Because sometimes Ego Boosts are wonderful things . . .

This is from the Anime Evolution forums (1 of 4 sites that take up all my online time these days):
http://animeevolution.net/index.php?topic=7773.0

Gotta say . . . I smiled a little more as this week carried on with this thread . . .

. . . in other news, orange juice mixed with Canada Dry ginger ale is very tasty - kinda tastes like Fanta, but with pulp. I do enjoy that pulp, gotta say . . .

Experiment Revealed . . .

Wow, so I had fun this past day! Thanks everyone who gave their 2 cents in last day's post - I think you'll enjoy this next bit.

First off, I'll say that I can like, just barely hear the thing on slightly higher-than-normal volume . . . like, it's really quiet for me.

So let's get into this . . .

Alright, so if any of you did the URL-hopping, you would have learned that that the site was called http://www.noloitering.ca and that it was a site selling the "Mosquito Ultrasonic Teen Deterrent".

Here's the sciencey bit:

As you age, your hearing deteriorates - probably stating the obvious, huh? Here's the kicker: as you get older, you lose the ability to hear certain high frequency sounds. As such, that tone I posted yesterday is something most adults lose the ability to hear once they get to about the age of 25 or so. This is literally a noise that only people aged about 15-25 can hear.
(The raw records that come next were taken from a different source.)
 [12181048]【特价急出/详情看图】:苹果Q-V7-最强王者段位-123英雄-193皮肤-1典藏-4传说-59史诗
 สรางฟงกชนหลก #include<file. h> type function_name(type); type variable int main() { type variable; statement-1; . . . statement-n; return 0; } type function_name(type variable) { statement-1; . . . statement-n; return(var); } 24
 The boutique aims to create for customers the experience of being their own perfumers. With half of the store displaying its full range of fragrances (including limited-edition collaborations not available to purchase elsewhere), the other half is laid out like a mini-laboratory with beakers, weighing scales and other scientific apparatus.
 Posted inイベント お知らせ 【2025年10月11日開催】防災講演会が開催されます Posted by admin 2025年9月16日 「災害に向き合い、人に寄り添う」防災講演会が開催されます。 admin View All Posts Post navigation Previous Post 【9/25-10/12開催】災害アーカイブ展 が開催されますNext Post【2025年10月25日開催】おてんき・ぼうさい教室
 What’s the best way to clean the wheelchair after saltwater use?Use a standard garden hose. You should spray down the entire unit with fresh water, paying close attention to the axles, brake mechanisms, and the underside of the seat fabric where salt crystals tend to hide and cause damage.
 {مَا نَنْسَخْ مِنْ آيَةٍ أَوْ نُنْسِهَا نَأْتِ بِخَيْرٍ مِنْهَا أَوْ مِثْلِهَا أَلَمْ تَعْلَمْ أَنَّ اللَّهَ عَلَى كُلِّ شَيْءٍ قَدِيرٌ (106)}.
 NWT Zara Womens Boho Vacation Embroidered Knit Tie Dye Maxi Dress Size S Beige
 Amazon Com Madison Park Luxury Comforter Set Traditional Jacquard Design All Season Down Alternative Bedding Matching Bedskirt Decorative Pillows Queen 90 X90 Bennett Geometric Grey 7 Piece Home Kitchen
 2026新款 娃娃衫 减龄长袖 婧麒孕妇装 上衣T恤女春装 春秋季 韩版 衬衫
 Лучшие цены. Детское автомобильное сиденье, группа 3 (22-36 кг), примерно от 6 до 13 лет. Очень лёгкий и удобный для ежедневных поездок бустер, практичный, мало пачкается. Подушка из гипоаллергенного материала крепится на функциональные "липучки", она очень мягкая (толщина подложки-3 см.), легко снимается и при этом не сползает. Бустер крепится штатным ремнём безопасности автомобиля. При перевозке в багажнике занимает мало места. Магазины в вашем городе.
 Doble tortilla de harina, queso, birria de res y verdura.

Actually, that's not quite true. children younger than 13 should also be able to hear it; however, as their hearing is still more sensitive, they can actually hear even higher frequency sounds. As such, that high-pitched tone so many of you heard isn't in their extreme registers and thus is not quite as . . . annoying, of a noise for them. Once you get into that particular age group, though, hoo boy . . . that's like, the highest, most extreme possible frequency you can hear, and as such it's not very pleasant (or is it? You tell me).

So why is this awesome?

So this group in the UK invented it: the Mosquito Ultrasonic Teen Deterrent. Basically, it's a sound device that plays this noise. People like shop owners and theater owners are installing these outside or above their front doors. If they have problems with, say, young teens loitering and causing trouble, they can hit the on switches and encourage the youths to get a move on. From what I understand it's not that it's painful, it's just really, really annoying.
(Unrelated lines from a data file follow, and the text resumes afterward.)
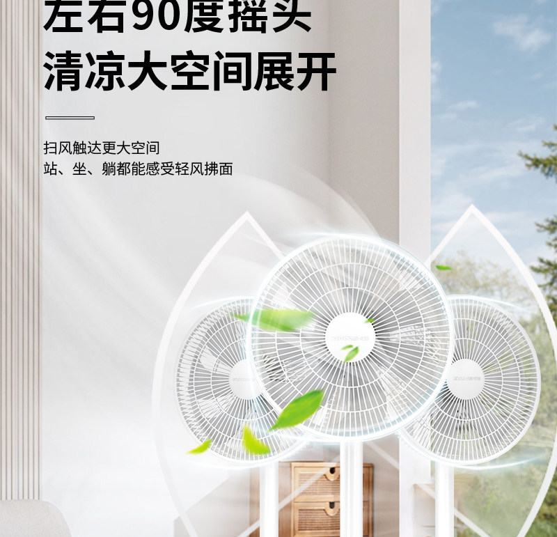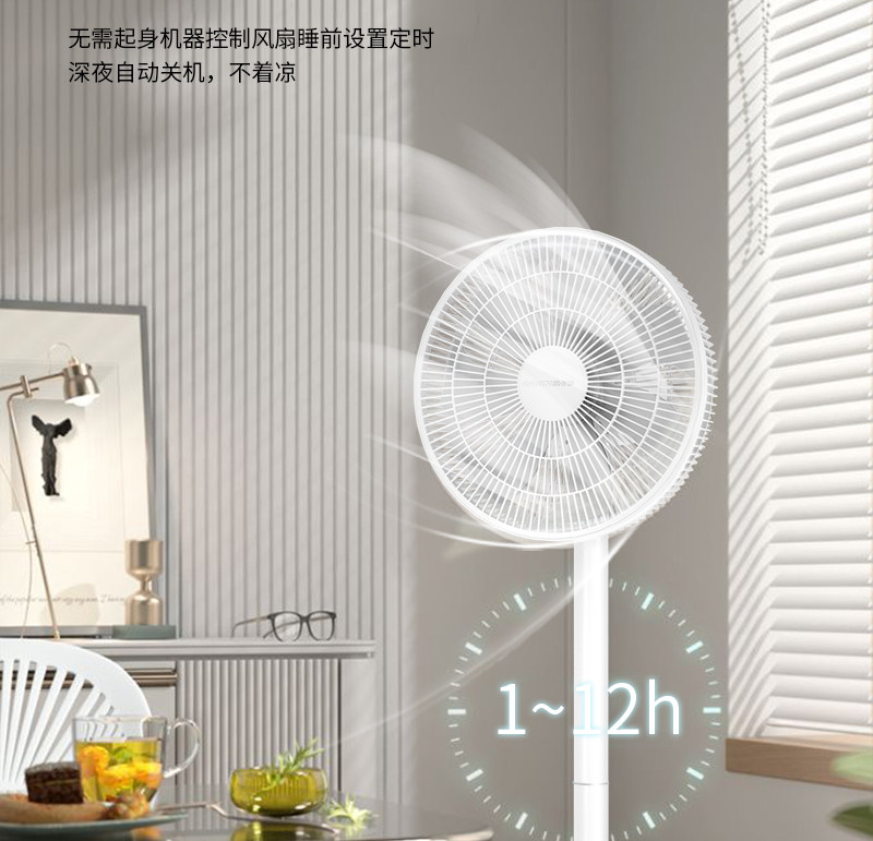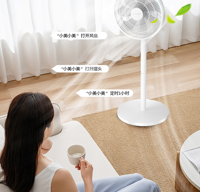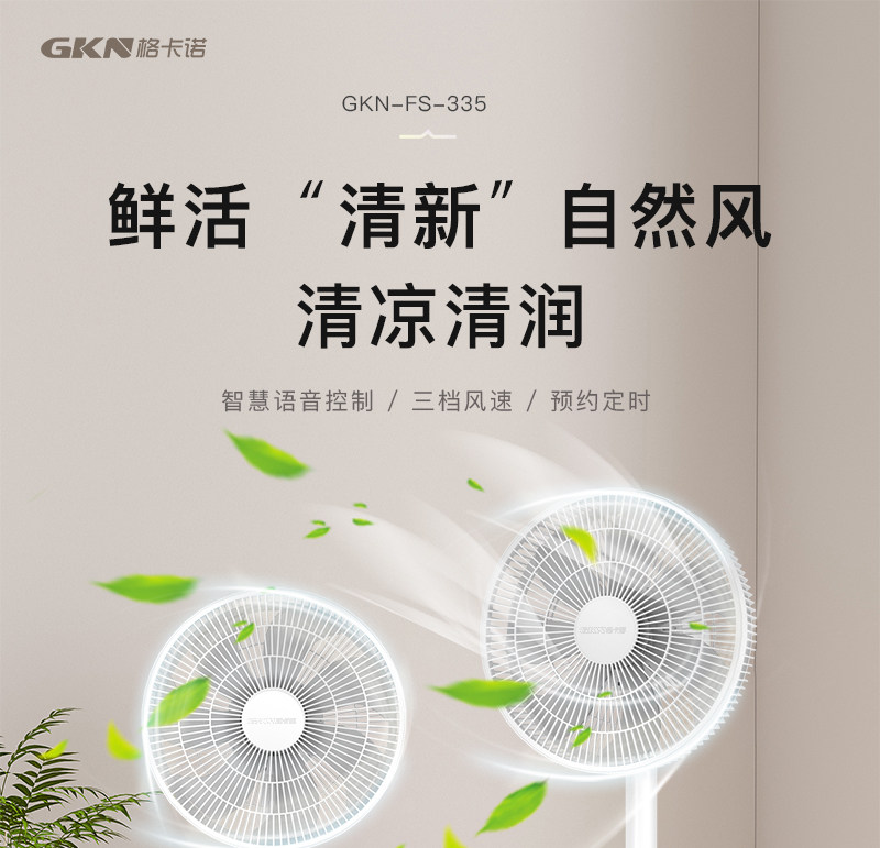 格卡诺风扇语音遥控平面扇家用静音大风力落地扇(陶瓷白)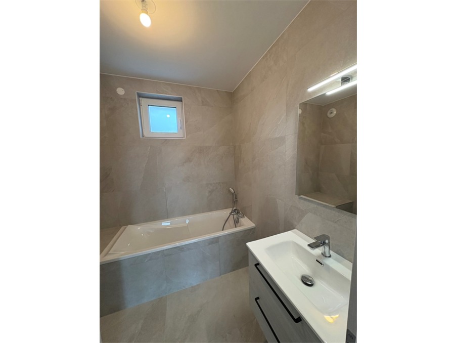 Très bel appartement F4 en attique de 97,51 m² comprenant une entrée, un spacieux séjour avec une cuisine équipée ouverte (four, plaque induction avec hotte intégrée, réfrigérateur/congélateur, micro-ondes, îlot central, lave-vaisselle, rangements), 3 chambres, une salle de bain avec baignoire et une salle d'eau avec douche et wc, un wc séparé avec lave-mains.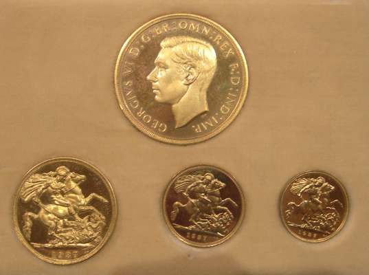in original leather fitted case comprising coins from five pounds down to sovereign

Hehe, Stupid Ed told me he actually had the sound file and brought it to work at Microsoft, just slowly walking through the offices pissing people off . . . I think that's hilarious.

Pretty badass, huh?

This is Discriminatory!

It gets even better . . . teens, while being the main targets of this audio repellent, have actually found a way to use it for their own means:

Ringtones; ones they can hear, but their older in-class teachers cannot.
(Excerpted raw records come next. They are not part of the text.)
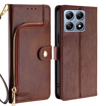 Για Xiaomi 14T Pro 5G φερμουάρ τσάντα δερμάτινη θήκη τηλεφώνου (καφέ)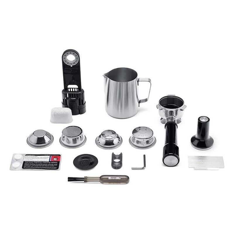 اسپرسوساز برویل مدل BES870BKS دارای کنترل دکمه ای و چرخشی، 2 فیلتر (برای 1 یا 2 فنجان، فیلتر آب)، سینی چکه گیر، سیستم نظافت خودكار، خاموشی خودکار (بعد از 5 دقیقه از استفاده نکردن از دستگاه در حالت رسوب زدایی) و غیرفعال کردن خودکار عملکرد بخار دستگاه پس از 5 دقیقه بخاردهی مداوم، هشدار صوتی، هشدار خالی بودن مخزن آب، محفظه برای جمع كردن سیم برق، نمایشگر، نشانگر روشن بودن دستگاه، پرتا فیلتر 54 میلیمتری، فشارسنج برای کنترل بهینه فشار آب جوش و درجه آسیاب شدن و مقدار قهوه می باشد.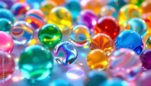 A Colorful Symphony of Marbles: A vibrant close-up showcasing a collection of iridescent, multicolored marbles, each reflecting light in a dazzling display of color and texture.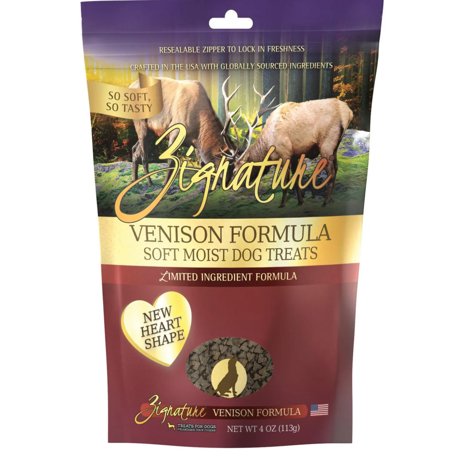 Zignature Soft Moist Venison Formula Dog Treats are formulated with the same limited ingredient philosophy as the dry and canned foods. Delivering a high-quality, delicious treat for your canine companion. By excluding ingredients your dogs do not need, Zignature is able to bring you a treat that is simple yet so tasty. To bring out the best in dogs, Zignature is committed to providing animal or fish protein as the first ingredient as protein is essential for a healthy diet. Zignature Soft Moist Dog Treats are made with animal or fish protein first, followed by a simple list of other wholesome ingredients.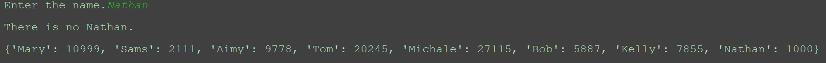 names = {'Mary':10999, 'Sams':2111, 'Aimy':9778, 'Tom':20245 , 'Michale':27115,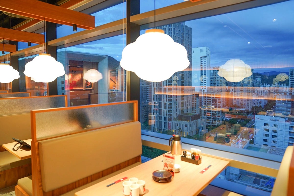 自從家裡養了萌貓,很自然的對一切有貓咪圖案的東西產生好感,聽聞遠百信義A13的14樓開了一家「貓將壽司」,身為貓奴一族當然要來踩點,約了朋友挑了週五晚上下班後來聚餐。「靠窗的景觀座位區,可以看101夜景。」之前有去過貓將壽司的同事推薦,餐廳所在的14樓享有高樓層美景,可270度眺望101,餐廳內的白色日式燈飾像是雲朵般映照在窗景之間,乍看下酷似懸浮在101前的朵朵祥雲。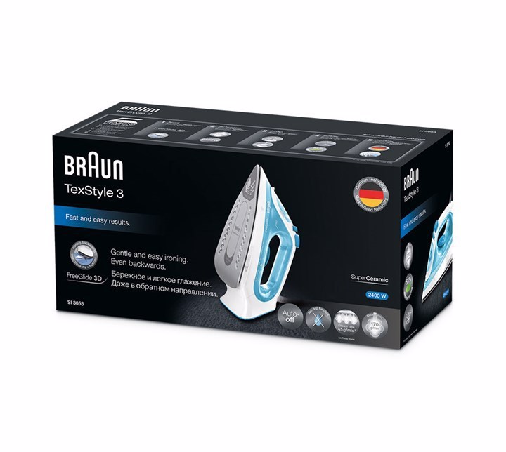 Braun TexStyle 3 Steam Iron SI 3053 Blue, Keramisk strygesål, 2 m, 170 g/min, Blå, 45 g/min, 0,27 L
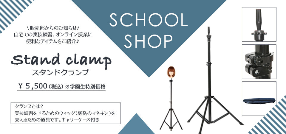 クランプとは実技練習をするためのウィッグ(頭だけのマネキン)を支えるための道具です。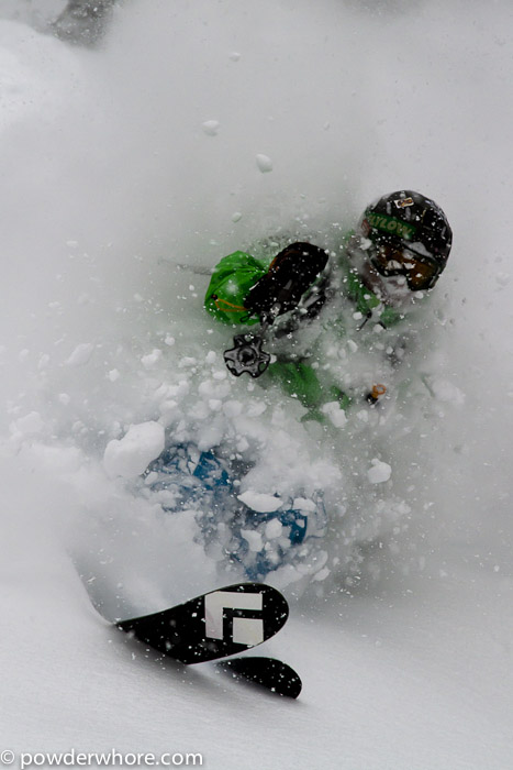 More epic pow shots, nasty tumbles and small avalanches keep you pumped-up as Jason West skis in the following segment. Jason is an alpine skier, which for the Powderwhores to include in their movie is a step away from the norm and adds some nice flavor to their historically tele-proud videos. The backcountry slayage continues with some Colorado powder (yes, surprisingly there is powder skiing in Colorado) and Will Cardamone showing us how the pro-freeheelers do things. Hippy, fairy-tale-like music keeps your head bobbing through more hip dragging slash-turns and is classic Powderwhore if you’ve been following their films over the years.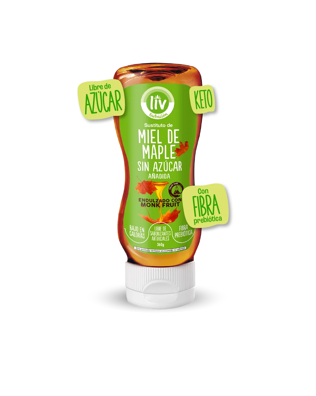 Sustituto de miel de maple, sin azúcar, endulzada con monkfruit, keto, con fibra prebiótica, apta para diabéticos.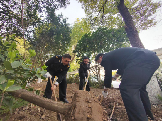 活動(dòng)得到了全體干部職工的積極響應(yīng),在荊州海關(guān)前院西面灌木區(qū),眾人手持鐵鍬、鋤頭,一同挖坑、扛苗、散苗、擺正樹苗、培土澆水,干勁十足,熱火朝天。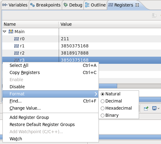 转化为16进制的:选中要转换的参数,右键,选择Format->Hexadecimal.图5-5: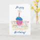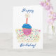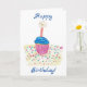These birthday cards feature my colourful painting of a cupcake with blue icing, frosting, with a pink wrapper. There is a star candle in the cupcake and a confetti design on the table cloth. It comes with a verse that can also be easily personalised on the template form. Thank you for shopping CherylsArt on Zazzle.

I really don't need to explain that one much more, do I?

So that's the Mosquito.

So again, take this information, take your own ears, and think about what that means. If you're 20 and already can't hear it, then well . . . hehe, dang. If you're almost 30 and can still hear it, well . . . congrats for having some powerful ears still!

Oh, for the record, if anyone who can't hear the Mosquito tone are curious, here's a link to the lower-frequency tone (DO NOT crank your volume for this!):
http://www.noloitering.ca/over25yo.mp3

Practical Science is fun, eh?

Secret Experiment . . .

Alright, some of you may or may not hate me for this, but I'm so curious right now . . .

Alright, basically all I want you guys to do is to listen to this following sound file; you don't need to change your volume settings, and I promise it won't be suddenly loud and scary or anything:

http://www.noloitering.ca/dl/mosquitotone.mp3

Comment below on what you think of this. Get your friends to listen and comment as well.

I'll explain the rest tomorrow (unless you can't wait and decide to do some e-snooping of your own afterwards).